Letermovir

Letermovir inhibits CYP2C8 in vitro but may also induce CYP2C8 based on its induction potential. The net effect in vivo is unknown.

An example of a medicinal product which is mainly eliminated by CYP2C8 is repaglinide. Concomitant use of repaglinide and letermovir with or without cyclosporine is not recommended

Letermovir is an inhibitor of OATP1B1/3 transporters. Administration of letermovir may result in a clinically relevant increase in plasma concentrations of co-administered medicinal products that are OATP1B1/3 substrates.

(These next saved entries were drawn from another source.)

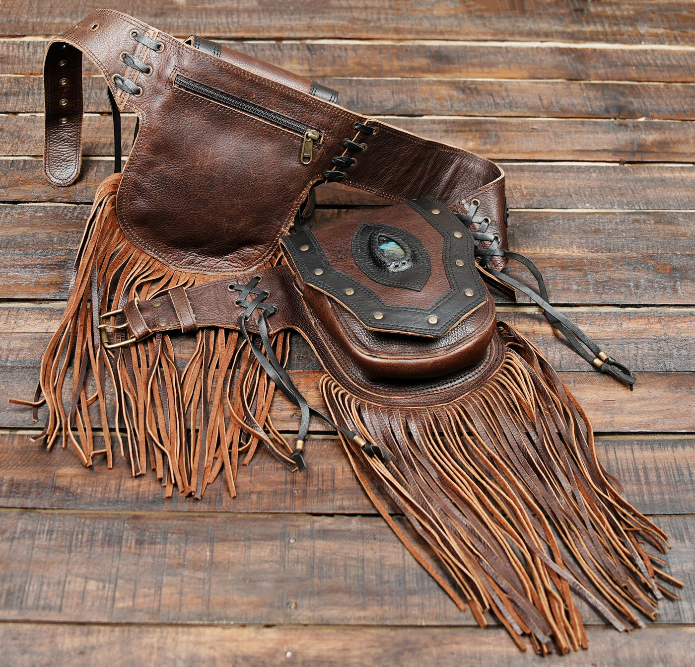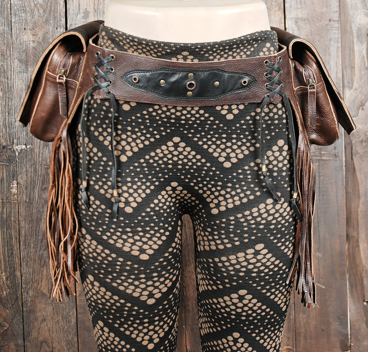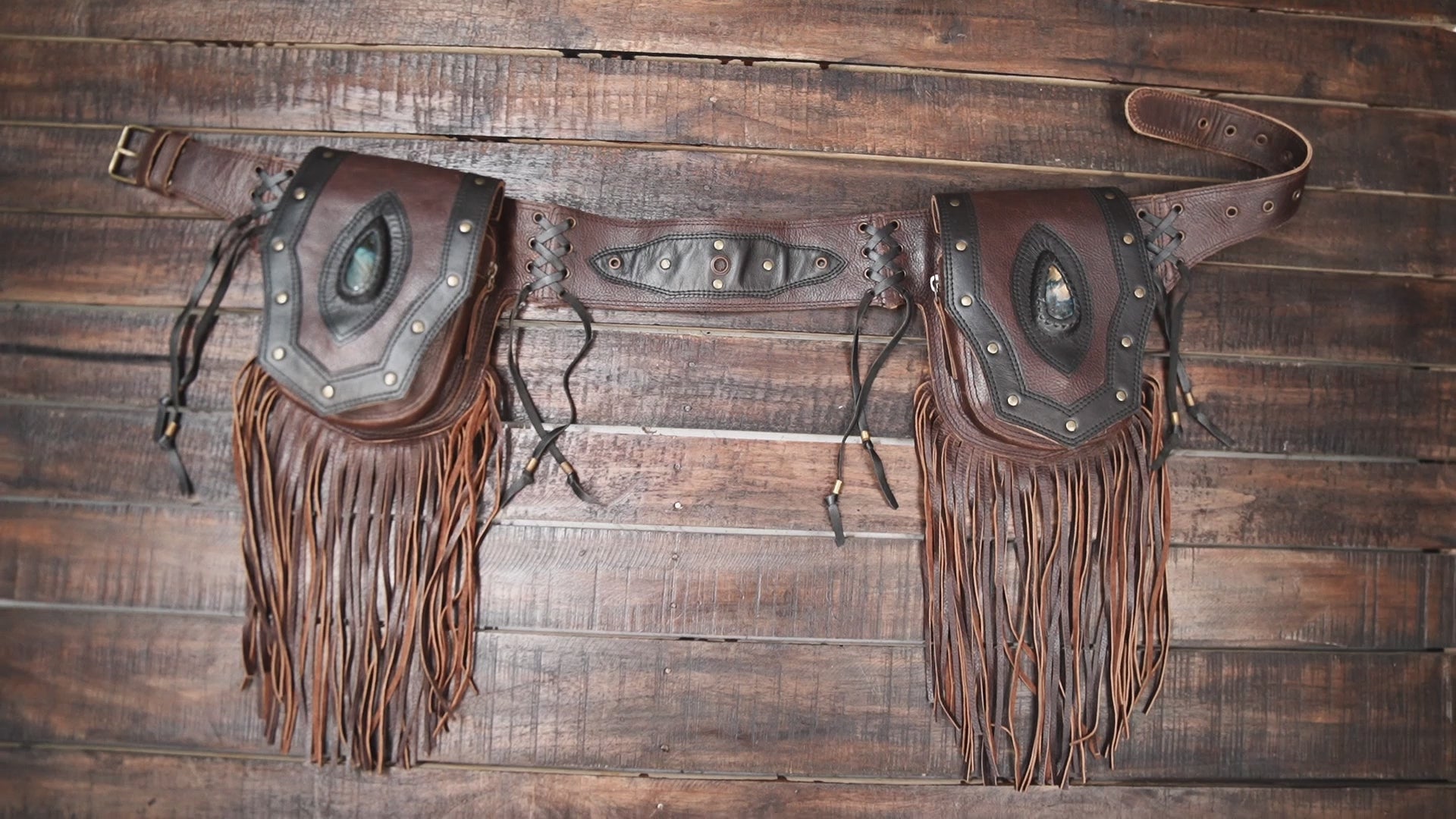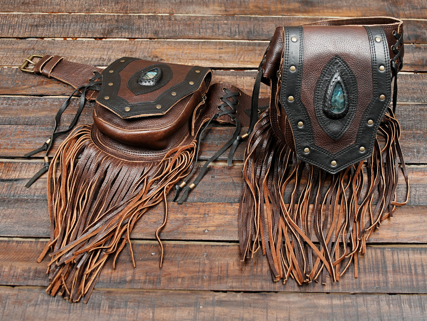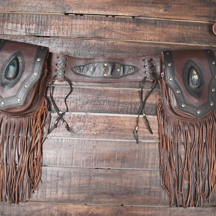 Leather Waist Bag with Gemstone Embellishments || Brown & Black Leather Belt with Dual Pouches (LT-AB-WB-6101) - Dark Brown / S – 28 TO 32 / Antic Brass
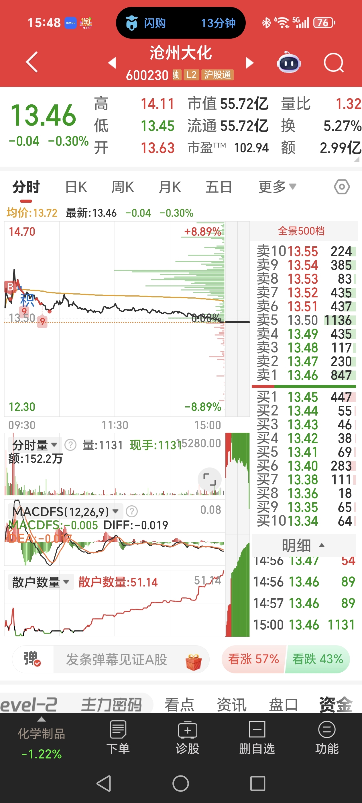 $沧州大化(SH600230)$ 今天上午买了两笔,收盘正好打到自己成本线附近。今天上影线确实有点长,但是说出货我是不敢苟同,打开30,60分时线,就全天这量哪个分时也没再次放量。但是不是说下周不会继续调整,个人认为今天的高点不是阶段顶。本身买入的逻辑是看全球前三大厂mdi部分设备需要停产检修,还有就是年底可能和鲁西整合部分生产业务,暂时还是先持有观望
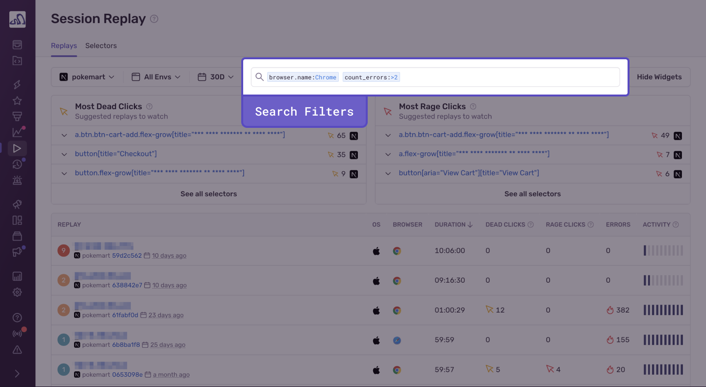 Learn how to navigate the Replays page and filter user sessions that meet specific conditions.

Examples of such medicinal products include HMG-CoA reductase inhibitors, fexofenadine, repaglinide and glyburide. Comparing letermovir regimen administered without cyclosporine, the effect is more marked after iv than oral letermovir.

The magnitude of the OATP1B1/3 inhibition on co-administered medicinal products is likely greater when letermovir is co-administered with cyclosporine (a potent OATP1B1/3 inhibitor). This needs to be considered when the letermovir regimen is changed during treatment with an OATP1B1/3 substrate.

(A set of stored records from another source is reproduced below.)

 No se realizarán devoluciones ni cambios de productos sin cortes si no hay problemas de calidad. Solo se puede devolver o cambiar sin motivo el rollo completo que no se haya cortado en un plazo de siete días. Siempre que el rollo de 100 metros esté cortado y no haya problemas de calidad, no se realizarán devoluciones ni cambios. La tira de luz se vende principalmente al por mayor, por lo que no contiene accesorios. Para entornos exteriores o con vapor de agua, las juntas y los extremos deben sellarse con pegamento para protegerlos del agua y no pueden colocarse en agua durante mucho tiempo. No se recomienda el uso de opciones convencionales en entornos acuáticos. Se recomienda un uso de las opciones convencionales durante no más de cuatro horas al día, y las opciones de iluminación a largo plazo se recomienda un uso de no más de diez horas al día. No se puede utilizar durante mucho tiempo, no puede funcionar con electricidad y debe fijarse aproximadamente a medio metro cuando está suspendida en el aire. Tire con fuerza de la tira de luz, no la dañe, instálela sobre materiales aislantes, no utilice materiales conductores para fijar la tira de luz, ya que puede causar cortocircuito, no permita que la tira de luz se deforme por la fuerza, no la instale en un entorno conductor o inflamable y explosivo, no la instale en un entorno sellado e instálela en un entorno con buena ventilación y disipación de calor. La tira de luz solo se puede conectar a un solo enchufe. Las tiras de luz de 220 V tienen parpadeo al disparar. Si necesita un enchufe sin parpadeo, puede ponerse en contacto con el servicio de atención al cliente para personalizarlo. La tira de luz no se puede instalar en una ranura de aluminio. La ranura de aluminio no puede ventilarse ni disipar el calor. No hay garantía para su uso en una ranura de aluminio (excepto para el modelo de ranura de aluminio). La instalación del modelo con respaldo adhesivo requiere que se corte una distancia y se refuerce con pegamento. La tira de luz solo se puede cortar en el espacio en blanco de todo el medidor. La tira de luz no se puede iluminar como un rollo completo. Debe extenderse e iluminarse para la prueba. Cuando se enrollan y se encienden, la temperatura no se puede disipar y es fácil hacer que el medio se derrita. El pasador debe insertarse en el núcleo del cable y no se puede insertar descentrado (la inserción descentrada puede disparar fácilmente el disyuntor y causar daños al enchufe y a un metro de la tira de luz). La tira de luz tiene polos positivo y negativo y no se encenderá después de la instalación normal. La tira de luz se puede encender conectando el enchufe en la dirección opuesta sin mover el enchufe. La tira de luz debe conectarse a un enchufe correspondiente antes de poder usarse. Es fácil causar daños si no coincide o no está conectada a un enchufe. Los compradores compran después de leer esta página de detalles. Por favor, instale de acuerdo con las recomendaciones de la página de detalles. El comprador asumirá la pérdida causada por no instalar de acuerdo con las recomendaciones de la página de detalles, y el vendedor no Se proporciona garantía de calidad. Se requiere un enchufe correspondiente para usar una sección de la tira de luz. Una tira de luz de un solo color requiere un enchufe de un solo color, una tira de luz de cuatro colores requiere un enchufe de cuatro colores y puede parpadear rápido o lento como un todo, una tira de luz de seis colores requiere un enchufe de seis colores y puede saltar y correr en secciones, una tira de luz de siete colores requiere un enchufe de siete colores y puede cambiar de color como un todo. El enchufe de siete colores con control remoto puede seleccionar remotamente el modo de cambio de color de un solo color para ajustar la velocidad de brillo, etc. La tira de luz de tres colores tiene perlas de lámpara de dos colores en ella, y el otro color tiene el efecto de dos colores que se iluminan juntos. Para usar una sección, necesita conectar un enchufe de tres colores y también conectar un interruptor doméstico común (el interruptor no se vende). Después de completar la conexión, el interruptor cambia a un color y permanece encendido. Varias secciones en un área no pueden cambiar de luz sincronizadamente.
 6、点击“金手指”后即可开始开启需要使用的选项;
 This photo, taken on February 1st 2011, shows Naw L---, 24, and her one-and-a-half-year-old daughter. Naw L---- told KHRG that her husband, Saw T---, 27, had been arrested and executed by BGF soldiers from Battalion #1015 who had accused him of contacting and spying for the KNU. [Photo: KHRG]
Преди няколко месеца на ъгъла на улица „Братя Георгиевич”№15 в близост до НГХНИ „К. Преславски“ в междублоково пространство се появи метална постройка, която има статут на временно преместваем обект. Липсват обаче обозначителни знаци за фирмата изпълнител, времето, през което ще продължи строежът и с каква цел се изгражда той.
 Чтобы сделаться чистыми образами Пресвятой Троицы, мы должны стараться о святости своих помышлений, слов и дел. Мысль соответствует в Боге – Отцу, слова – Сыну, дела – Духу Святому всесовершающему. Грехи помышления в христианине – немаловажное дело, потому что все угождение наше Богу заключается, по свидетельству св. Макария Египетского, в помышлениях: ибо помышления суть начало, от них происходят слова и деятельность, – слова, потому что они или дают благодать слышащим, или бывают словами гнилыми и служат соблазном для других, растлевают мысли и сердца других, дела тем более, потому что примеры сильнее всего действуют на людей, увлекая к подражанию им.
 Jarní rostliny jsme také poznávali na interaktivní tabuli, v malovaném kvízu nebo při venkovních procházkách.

In vitro data indicate that letermovir is an inhibitor of OAT3; therefore, letermovir may be an OAT3 inhibitor in vivo. Plasma concentrations of medicinal products transported by OAT3 may be increased. Examples of medicinal products transported by OAT3 includes ciprofloxacin, tenofovir, imipenem, and cilastin.

Co-administration of letermovir with voriconazole (a CYP2C19 substrate) results in significantly decreased voriconazole plasma concentrations, indicating that letermovir is an inducer of CYP2C19. CYP2C9 is likely also induced. Letermovir has the potential to decrease the exposure of CYP2C9 and/or CYP2C19 substrates potentially resulting in subtherapeutic levels.

Examples of such medicinal products include warfarin, voriconazole, diazepam, lansoprazole, omeprazole, esomeprazole, pantoprazole, tilidine, tolbutamide.

The effect is expected to be less pronounced for oral letermovir without cyclosporine, than IV letermovir with or without cyclosporine, or oral letermovir with cyclosporine. This needs to be considered when the letermovir regimen is changed during treatment with a CYP2C9 or CYP2C19 substrate. See also general information on induction above regarding time courses of the interaction.

Letermovir is a moderate inhibitor of CYP3A in vivo. Co-administration of letermovir with oral midazolam (a CYP3A substrate) results in 2-3-fold increased midazolam plasma concentrations. Co-administration of letermovir may result in clinically relevant increases in the plasma concentrations of co-administered CYP3A substrates.

Examples of such medicinal products include certain immunosuppressants (e.g., cyclosporine, tacrolimus, sirolimus), HMG-CoA reductase inhibitors, and amiodarone. Pimozide and ergot alkaloids are contraindicated.

The size of the CYP3A inhibitory effect is dependent on letermovir route of administration and whether cyclosporine is concomitantly used.

Due to time dependent inhibition and simultaneous induction the net enzyme inhibitory effect may not be reached until after 10-14 days. The time needed to reach steady state of a specific affected medicinal product will also influence the time needed to reach full effect on the plasma concentrations. When ending treatment, it takes 10-14 days for the inhibitory effect to disappear. If monitoring is applied, this is recommended the first 2 weeks after initiating and ending letermovir as well as after changing route of letermovir administration.

Letermovir is a general inducer in vivo but has also been observed to inhibit CYP2B6, UGT1A1, BCRP, and OATP2B1 in vitro. The net effect in vivo is unknown. Therefore, the plasma concentrations of medicinal products that are substrates of these enzymes or transporters may increase or decrease when co-administered with letermovir. Additional monitoring may be recommended; refer to the prescribing information for such medicinal products.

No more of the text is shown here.